When any form of government, whether capitalist or communist, fails to meet the basic needs of its people, civil unrest is bound to follow. This was especially the case in Eastern Europe after World War II. Tyrannical Communist leaders such as Joseph Stalin used economic communism as a means to support their own agendas, while millions of civilians were systematically imprisoned or summarily executed. The message to Eastern European countries became clear — dissension would simply not be tolerated. During the 1950s and 1960s, country after country in Eastern Europe began to revolt against the oppressive Soviet system that sought to keep them enslaved to a corrupt form of political communism.
By the time of the Soviet Union's disintegration in 1991, economic communism was fast becoming a failed experiment in the eyes of the Western world.
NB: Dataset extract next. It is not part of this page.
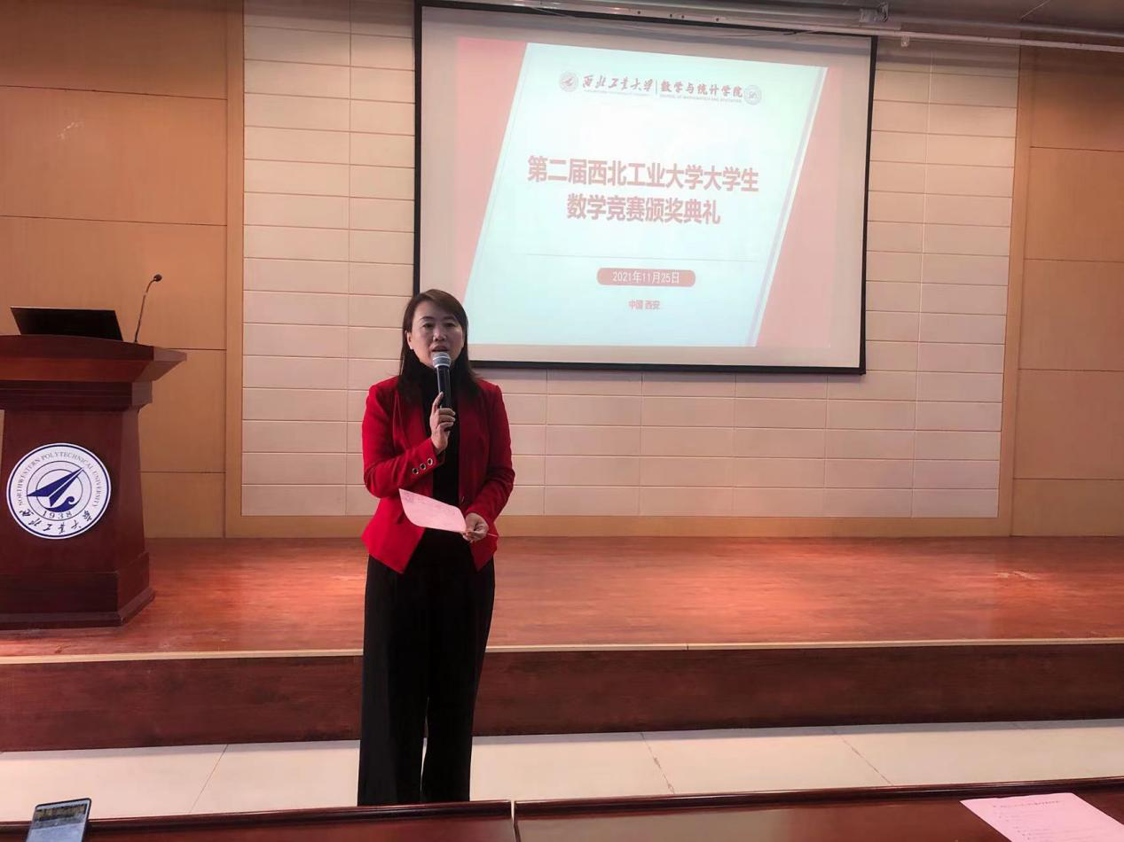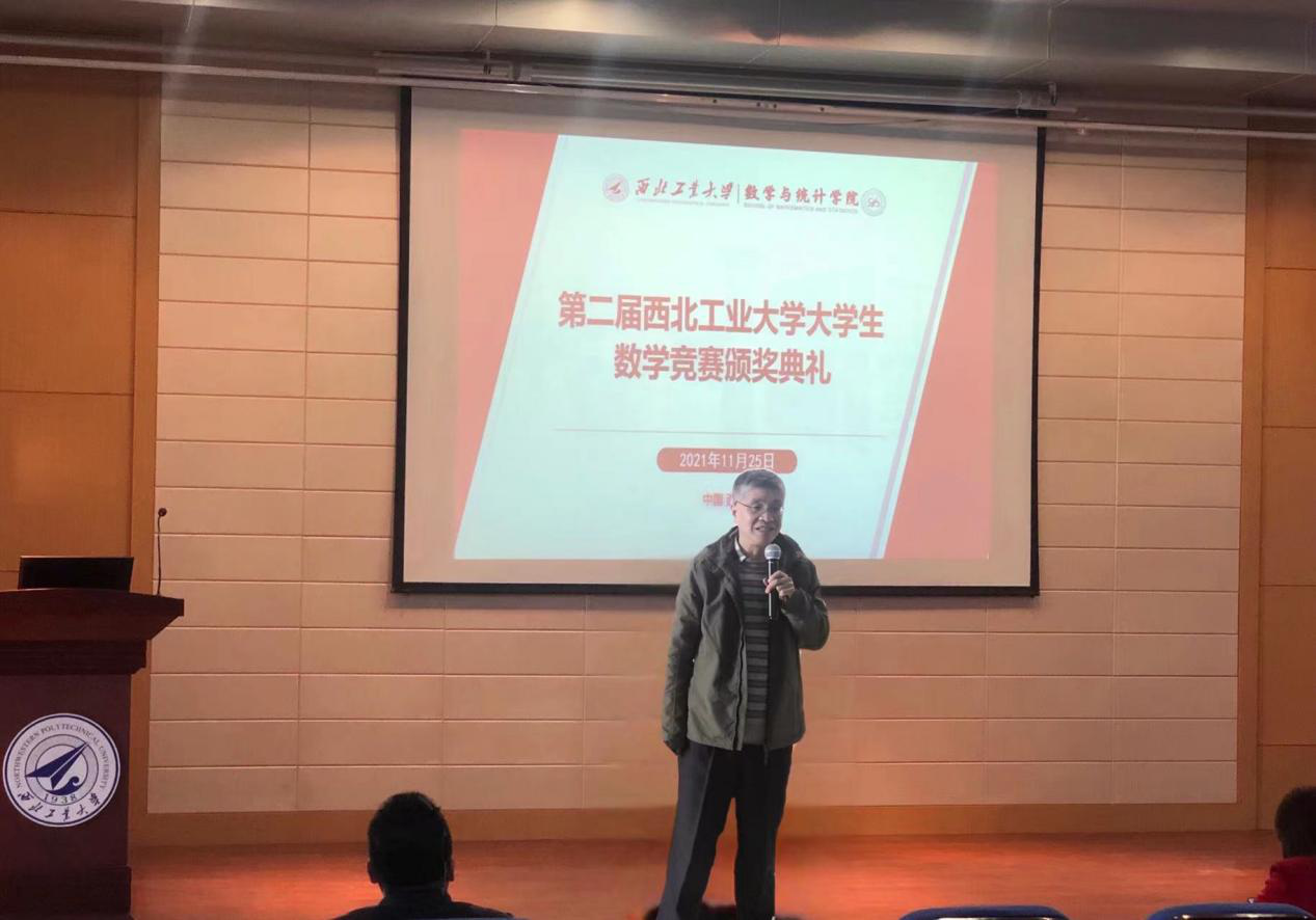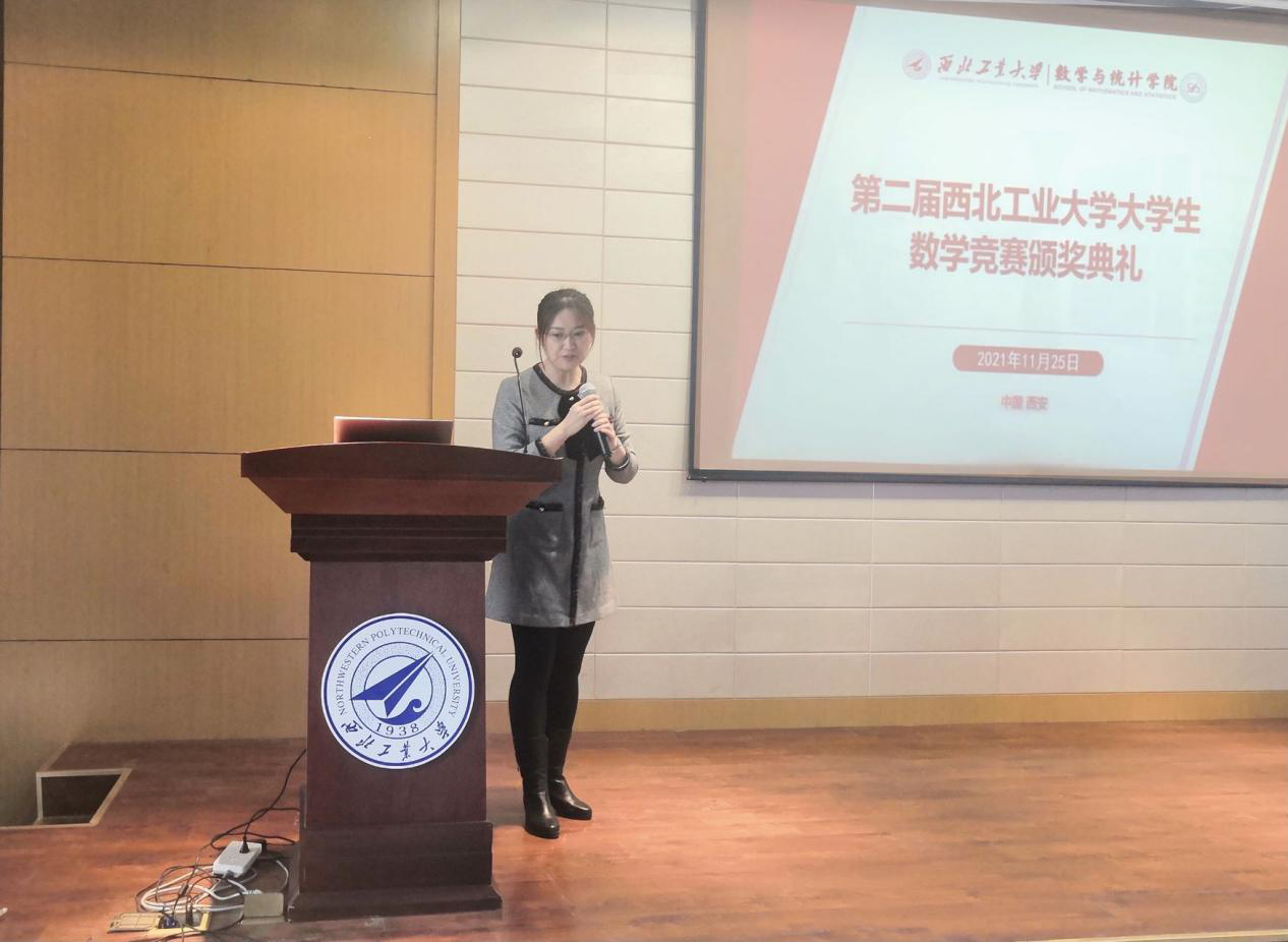 都琳介绍了举办西工大数学竞赛的意义及本次竞赛的总体情况。本次数学竞赛全校共有887名学生报名参赛,竞赛分为非数学专业组和数学专业组,其中,非数学专业组765人,数学专业组122人。我院数学专业组获奖学生共104人,其中,特等奖10人,一等奖24人,二等奖35人,三等奖35人。都琳表示同学们要积极参加各类竞赛,通过参加竞赛来检验自我学习的情况,从而拓宽学术视野。与此同时,通过分析参赛学生的试卷,能够发现教育教学中的不足,进而推动教育教学改革,使数学学科得到更好的发展。

Many collective companies in Eastern European companies discovered the advantages of a free market society, including the right to deal directly with buyers. Under economic communism, there were very few incentives offered to more industrious workers. The idea of profit through increased production proved to be one of the strongest arguments against communism, and many Eastern European countries were eager to move towards a freer economic system.
http://www.wisegeek.com/why-didnt-co...ast-europe.htm

I once had a nice talk with a lovely young Czech woman on an airplane to Moline, Il. It was about 1997. We talked about communism. She informed me that a lot of the people in her hometown were really not liking the new capitalist society that was springing up.

Why? Because they actually had to work. She stated that many of them would go to work, clock in, go fishing for the day, and go back only to clock out at the end of the day.

You have a major flaw in your starry-eyed antlike existence: We aren't ants.